WHAT IS NEEDED: In the data below, the answer is the run of lines from the line containing "Three Piece Oval" through the line containing "上海田子坊某旗袍店店长 首仁", both included; print it exactly and nothing else.

*** DATA RECORDS Section Begins ***

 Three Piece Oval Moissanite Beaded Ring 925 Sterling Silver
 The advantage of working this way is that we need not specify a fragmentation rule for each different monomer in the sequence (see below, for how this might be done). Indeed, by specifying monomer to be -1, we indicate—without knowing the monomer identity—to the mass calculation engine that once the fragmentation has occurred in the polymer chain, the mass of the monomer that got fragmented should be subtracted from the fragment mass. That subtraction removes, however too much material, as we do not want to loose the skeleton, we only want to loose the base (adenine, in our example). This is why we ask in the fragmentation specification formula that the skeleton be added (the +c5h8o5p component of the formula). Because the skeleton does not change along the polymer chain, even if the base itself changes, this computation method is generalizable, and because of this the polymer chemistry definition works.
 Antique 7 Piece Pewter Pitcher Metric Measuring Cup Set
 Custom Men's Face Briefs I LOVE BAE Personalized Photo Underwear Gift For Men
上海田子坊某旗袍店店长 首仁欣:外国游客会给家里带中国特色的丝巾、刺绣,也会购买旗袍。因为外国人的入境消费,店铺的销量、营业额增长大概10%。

*** DATA RECORDS Section Ends ***
*** DATA RECORDS Section Begins ***

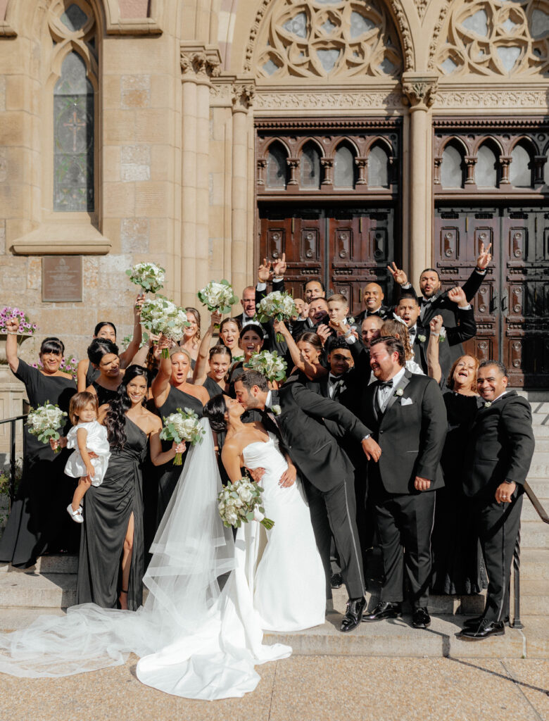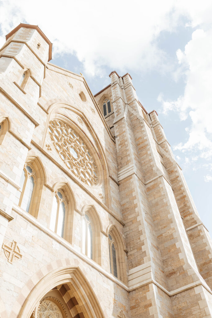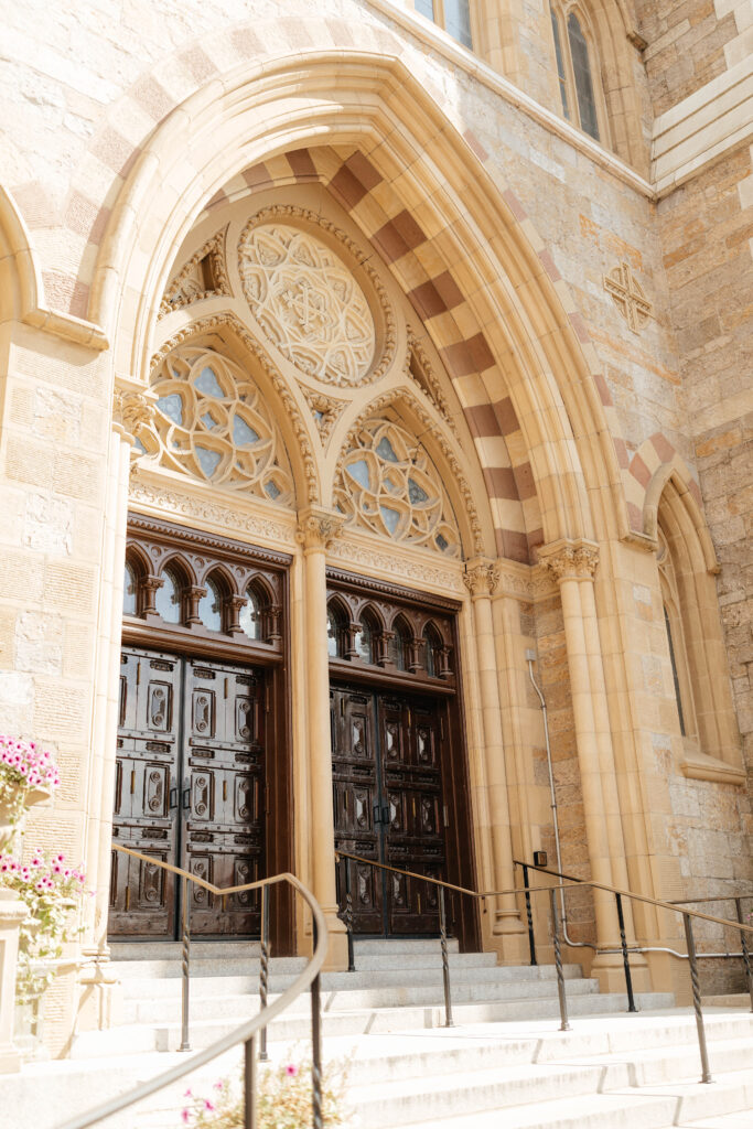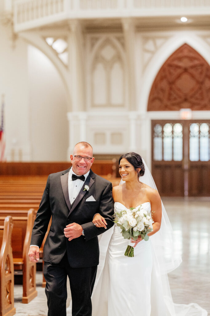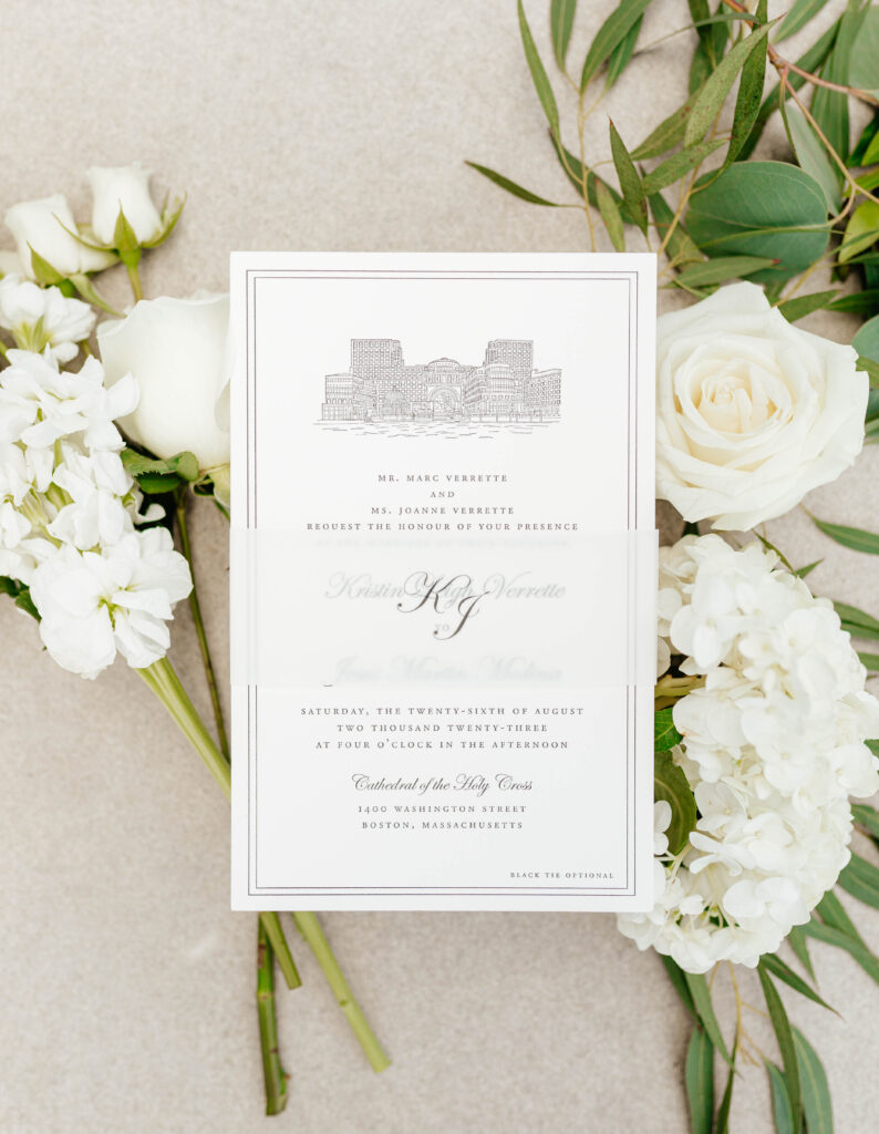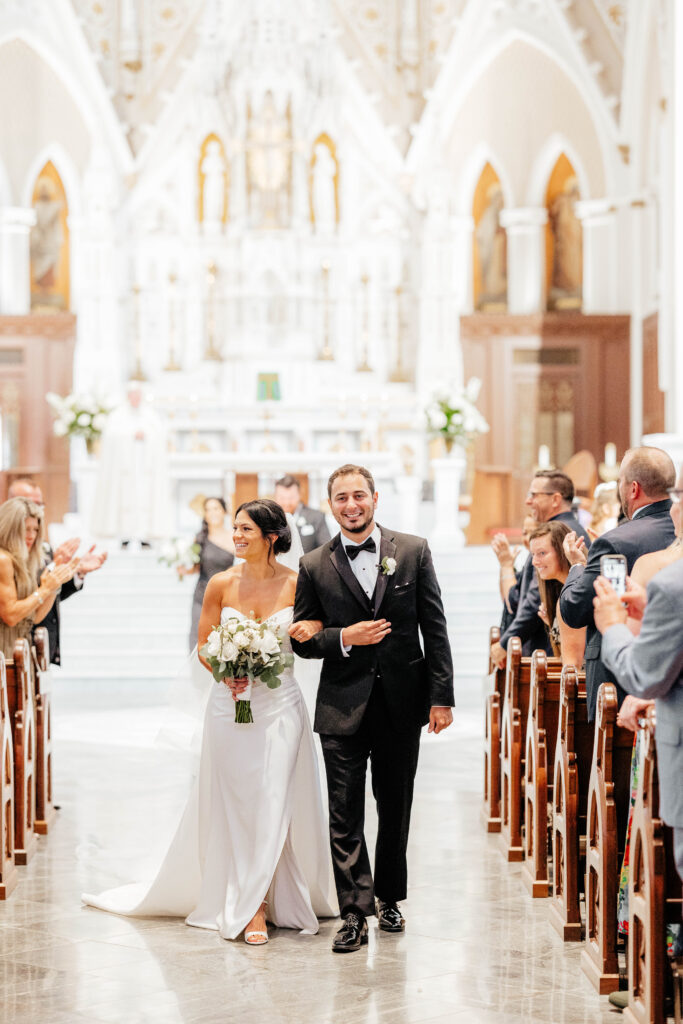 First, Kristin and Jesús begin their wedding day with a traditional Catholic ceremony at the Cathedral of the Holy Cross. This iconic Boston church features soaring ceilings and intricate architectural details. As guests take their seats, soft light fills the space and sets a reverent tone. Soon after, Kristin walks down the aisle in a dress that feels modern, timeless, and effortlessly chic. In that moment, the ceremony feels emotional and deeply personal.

*** DATA RECORDS Section Ends ***

RESPONSE TO THIS TASK:
 Three Piece Oval Moissanite Beaded Ring 925 Sterling Silver
 The advantage of working this way is that we need not specify a fragmentation rule for each different monomer in the sequence (see below, for how this might be done). Indeed, by specifying monomer to be -1, we indicate—without knowing the monomer identity—to the mass calculation engine that once the fragmentation has occurred in the polymer chain, the mass of the monomer that got fragmented should be subtracted from the fragment mass. That subtraction removes, however too much material, as we do not want to loose the skeleton, we only want to loose the base (adenine, in our example). This is why we ask in the fragmentation specification formula that the skeleton be added (the +c5h8o5p component of the formula). Because the skeleton does not change along the polymer chain, even if the base itself changes, this computation method is generalizable, and because of this the polymer chemistry definition works.
 Antique 7 Piece Pewter Pitcher Metric Measuring Cup Set
 Custom Men's Face Briefs I LOVE BAE Personalized Photo Underwear Gift For Men
上海田子坊某旗袍店店长 首仁欣:外国游客会给家里带中国特色的丝巾、刺绣,也会购买旗袍。因为外国人的入境消费,店铺的销量、营业额增长大概10%。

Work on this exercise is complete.